Feati Bank & Trust Company vs. Court of Appeals, 196 SCRA 576, April 30,
1991
1. Commercial Law; Letters of Credit; Commercial transactions involving letters of
credit are governed by the rule of strict compliance.It is settled rule in commercial transactions involving letters of credit that the
documents tendered must strictly conform to the terms of the letter of credit.
The tender of documents by the beneficiary (seller) must include all documents
required by the letter. A correspondent bank which departs from what has been
stipulated under the letter of credit, as when it accepts a faulty tender, acts on
its own risks and it may not thereafter be able to recover from the buyer or the
issuing bank, as the case may be, the money thus paid to the beneficiary. Thus
the rule of strict compliance. In the United States, commercial transactions
involving letters of credit are governed by the rule of strict compliance. In the
Philippines, the same holds true. The same rule must also be followed. The case
of Anglo-South American Trust Co. v. Uhe et al. (184 N.E. 741 [1933]) expounded
clearly on the rule of strict compliance. We have heretofore held that these
letters of credit are to be strictly complied with, which documents, and shipping
documents must be followed as stated in the letter. There is no discretion in the
bank or trust company to waive any requirements. The terms of the letter
constitutes an agreement between the purchaser and the bank.
2. Commercial Law; Letters of Credit; An irrevocable letter of credit is not
synonymous with a confirmed letter of credit; in an irrevocable letter of credit,
the issuing bank may not, without the consent of the beneficiary and the
applicant revoke his undertaking under the letter; whereas, in a confirmed letter
of credit, the correspondent bank gives and absolute assurance to the

beneficiary that it will undertake the issuing banks obligation as its own
according to the terms and conditions of the credit.The trial court appears to have overlooked the fact that an irrevocable credit is
not synonymous with a confirmed credit.
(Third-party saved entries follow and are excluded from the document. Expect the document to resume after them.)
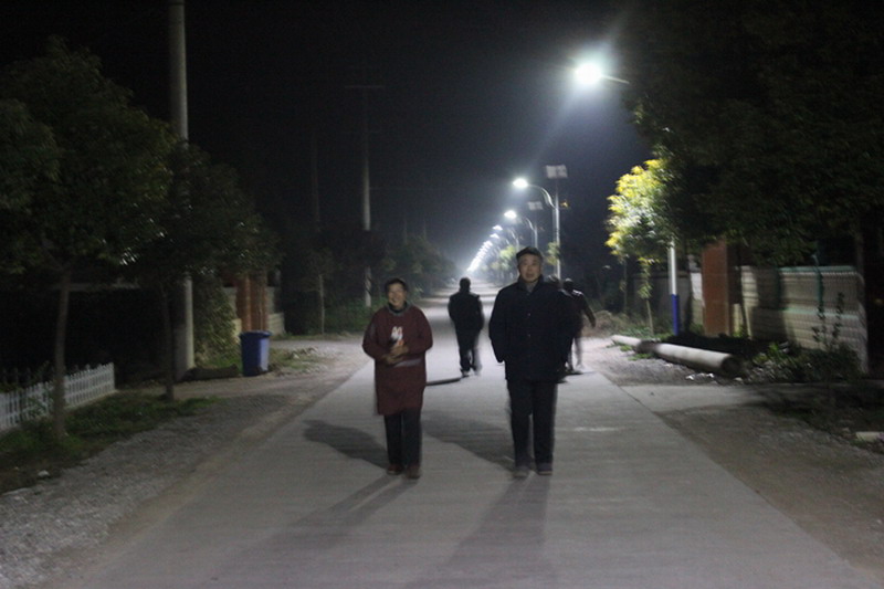 笔者近日从皖河农场场部自北向南走进三益回民分场居民区,只见沿中心水泥路整齐排列着造型时尚、崭新铮亮的一排排太阳能路灯,绵延数公里,每盏路灯上的月亮太阳构件极富穆斯林清真风情,此一场景着实抓人眼球。据悉,这是新近三益分场利用民族帮扶资金建成的又一项惠民工程,贯穿了回民居住区全境,路灯间距为30米,总共安装了206杆(盏),让全境夜晚一片光明。
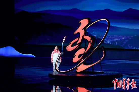 2月17日,内蒙古呼伦贝尔,第十四届全国冬季运动会开幕式上,最后一棒火炬手武大靖点燃“冬”字,位于场馆外的主火炬塔同时被点燃。
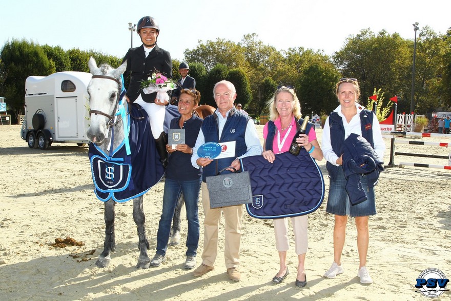 Le Pfs Djem du Casteras (par Papyrus Tyle et Kinup du Casteras par Djamel, Ar), né pour le compte de l’EARL du Casteras (09) et monté par Noémie Bosc, est donc vice-champion. Le voici gratifié d’un bien joli palmarès sur le circuit du Cycle Classique de CCE ! Djem et Doumbe sont les seuls à avoir bouclé un double sans-faute.
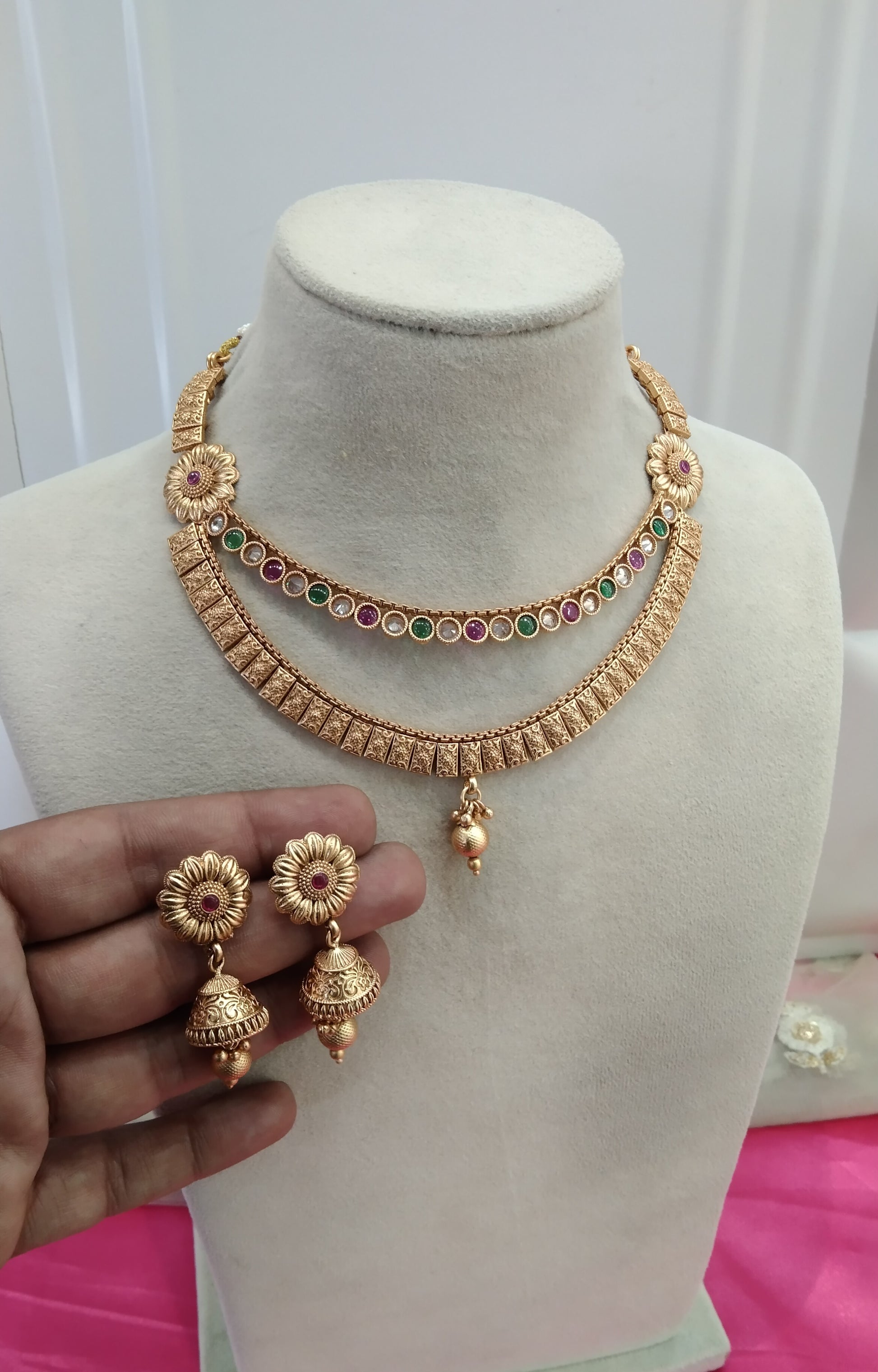 * Gold Finish Polki Necklace Set with earrings as shown in the pic.
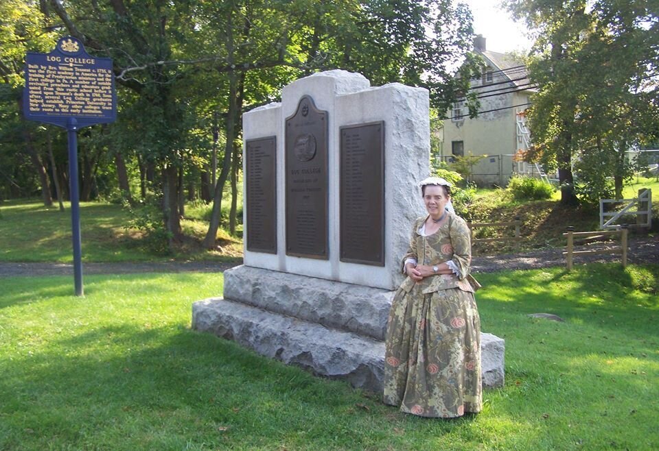 Wendy Wirsch of the William Tennent House Association portrays Mrs. Catherine Tennent at the Log College Monument (courtesy of Wendy Wirsch).

These types of letters have different
meanings and the legal relations arising from there varies. A credit may be an
irrevocable credit and at the same time a confirmed credit or vice-versa. An
irrevocable credit refers to the duration of the letter of credit. What it simply
means is that the issuing bank may not without the consent of the beneficiary
(seller) and the applicant (buyer) revoke his undertaking under the letter. The
issuing bank does not reserve the right to revoke the credit. On the other hand, a
confirmed letter of credit pertains to the kind of obligation assumed by the
correspondent bank. In this case, the correspondent bank gives an absolute
assurance to the beneficiary that it will undertake the issuing banks obligation
as its own according to the terms and conditions of the credit.
3. Commercial Law; Letters of Credit; Mere opening of a letter of credit does not
involve a specific appropriation of a sum of money in favor of the beneficiary.The mere opening of a letter of credit, it is to be noted, does not involve a
specific appropriation of a sum of money in favor of the beneficiary. It only
signifies that the beneficiary may be able to draw funds upon the letter of credit
up to the designated amount specified in the letter. It does not convey the notion
that a particular sum of money has been specifically reserved or has been held
in trust. What actually transpires in an irrevocable credit is that the
correspondent bank does not receive in advance the sum of money from the
buyer or the issuing bank. On the contrary, when the correspondent bank
accepts the tender and pays the amount stated in the letter, the money that it
doles out comes not from any particular fund that has been advanced by the
issuing bank, rather it gets the money from its own funds and then later seeks
reimbursement from the issuing bank.
4. Commercial Law; Letters of Credit; The concept of guarantee vis-a-vis the
concept of an irrevocable credit are inconsistent with each other.The theory of guarantee relied upon by the Court of Appeals has to necessarily
fail. The concept of guarantee vis-a-vis the concept of an irrevocable credit are
inconsistent with each other. In the first place, the guarantee theory destroys the
independence of the banks responsibility from the contract upon which it was
opened. In the second place, the nature of both contracts is mutually in conflict
with each other. In contracts of guarantee, the guarantors obligation is merely
collateral and it arises only upon the default of the person primarily liable. On
the other hand, in an irrevocable credit the bank undertakes a primary
obligation.
Philippine National Bank vs. Sayo, Jr., 292 SCRA 202 , July 09, 1998
1. Warehouse Receipts Law; Warehousemans Lien; Remedies Available to
Warehouseman to Enforce His Warehousemans Lien.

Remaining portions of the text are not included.